South from Granada

“South from Granada” by Gerald Brenan is about the seven years between January 1920 and 1933 that the author spent living in a small, very poor, Andalucian village sixty miles south of Granada. The village, Yegen, is about 4,000 feet above sea level and is located in a region called the Alpujarra. It is well irrigated so they can grow wine grapes, olives and many other foods there. This is a time before the tourist boom and the life-style in the 20’s was very primitive- for instance, there was no electricity or telephone in the village – and everything, as it was at the time, is described, warts and all: domestic life in general, beliefs, legends, the church, attitudes to animals are all discussed candidly and sympathetically. To my certain knowledge, many of those customs and beliefs extended into the sixties and possibly even into the seventies. It is well-written and I recommend it to you.
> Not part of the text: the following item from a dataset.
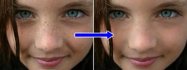 ほうれい線やホクロの除去には修復ブラシツールが便利です。 目の下のクマのように明るさの調整が必要な箇所には、スタンプツールを比較(明)モードや比較(暗)モードで使うのが最適です。 ソバカスは、『ガウスぼかしフィルタ』を使って周囲になじませるのがよいでしょう。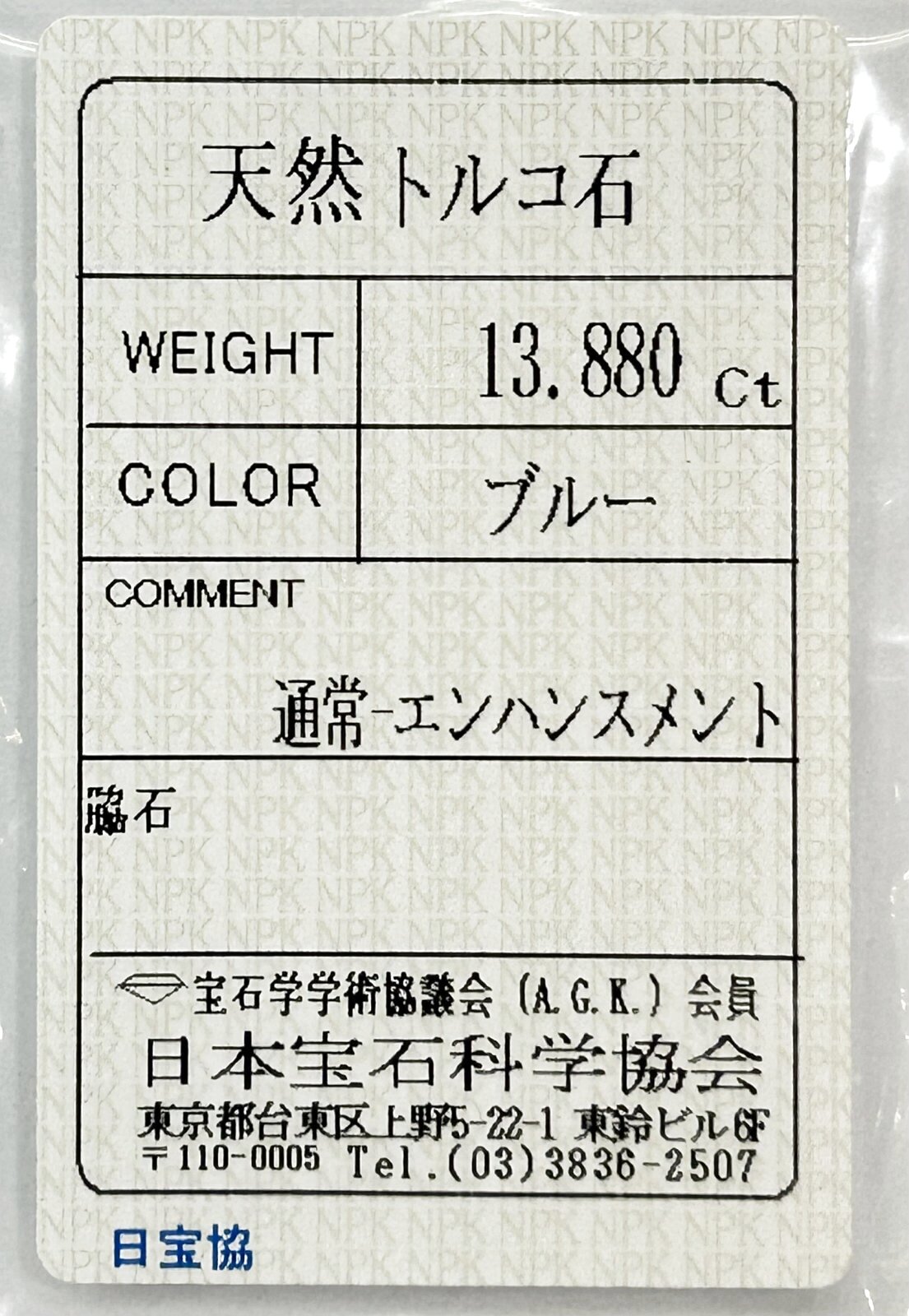 - > 【ソーティング付き】ターコイズ 13.880ct 約20×15mm

Gerald Brenan is also of interest. He was highly regarded as a writer on matters Spanish and went to Spain “to find himself” after serving as a Captain in the First World War. He came from a wealthy family and attended a good public school. At age eighteen he ran away to walk to China with an older friend, the photographer, Hope-Johnstone, but after six months and 1,500 miles, they had only got as far as Bosnia before they ran out of money and were forced to return. His relationship with his father was not good and instead of going to university, as his father wanted, he trained to serve in the Indian Army and when war broke out in 1914 he joined up.
After the war, in 1919, his walking friend, Hope-Johnstone, introduced Brenan to the Bloomsbury Group. He became a great friend to Ralph Partidge; he had an affair with Dora Carrington, the well knows artist;  and was a confidant of both Lyton Strachy and Virginia Wolfe, all of whom visited him in Spain though Lyton Strachy, in particular, did not have pleasant memories of the experience.